# [Your goal]
Write out the entire listing below exactly as it appears, minus any pictures.

# [Dataset excerpt]
------------------------------------

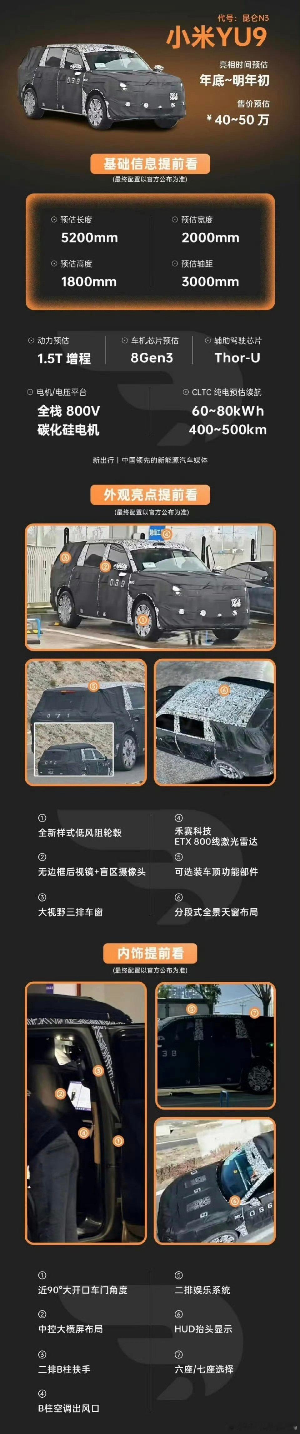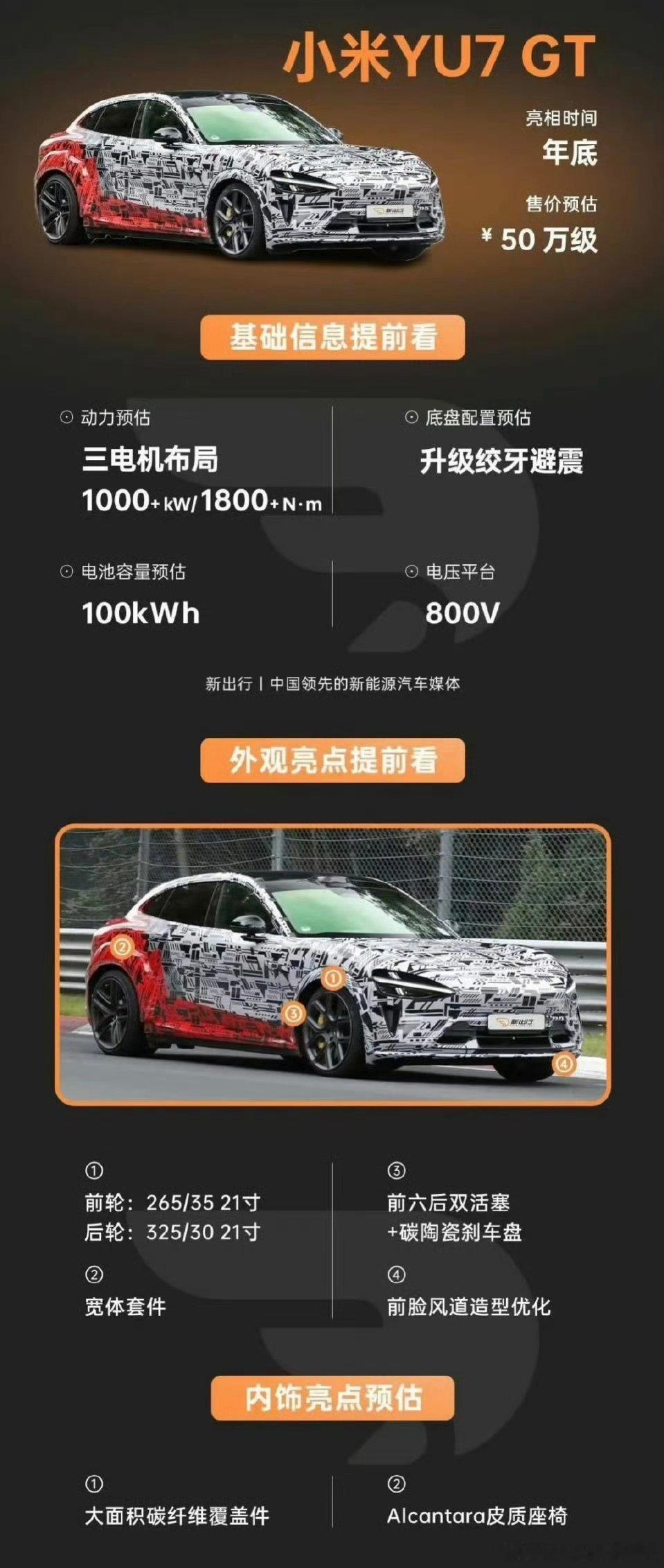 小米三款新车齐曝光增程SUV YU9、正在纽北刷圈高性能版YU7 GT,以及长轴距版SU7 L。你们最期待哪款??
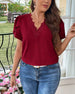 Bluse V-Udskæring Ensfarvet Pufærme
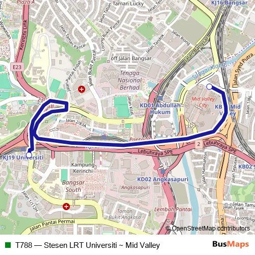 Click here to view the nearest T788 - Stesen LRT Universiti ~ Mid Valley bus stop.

------------------------------------

# [Solution for this problem]
 小米三款新车齐曝光增程SUV YU9、正在纽北刷圈高性能版YU7 GT,以及长轴距版SU7 L。你们最期待哪款??
 Bluse V-Udskæring Ensfarvet Pufærme
 Click here to view the nearest T788 - Stesen LRT Universiti ~ Mid Valley bus stop.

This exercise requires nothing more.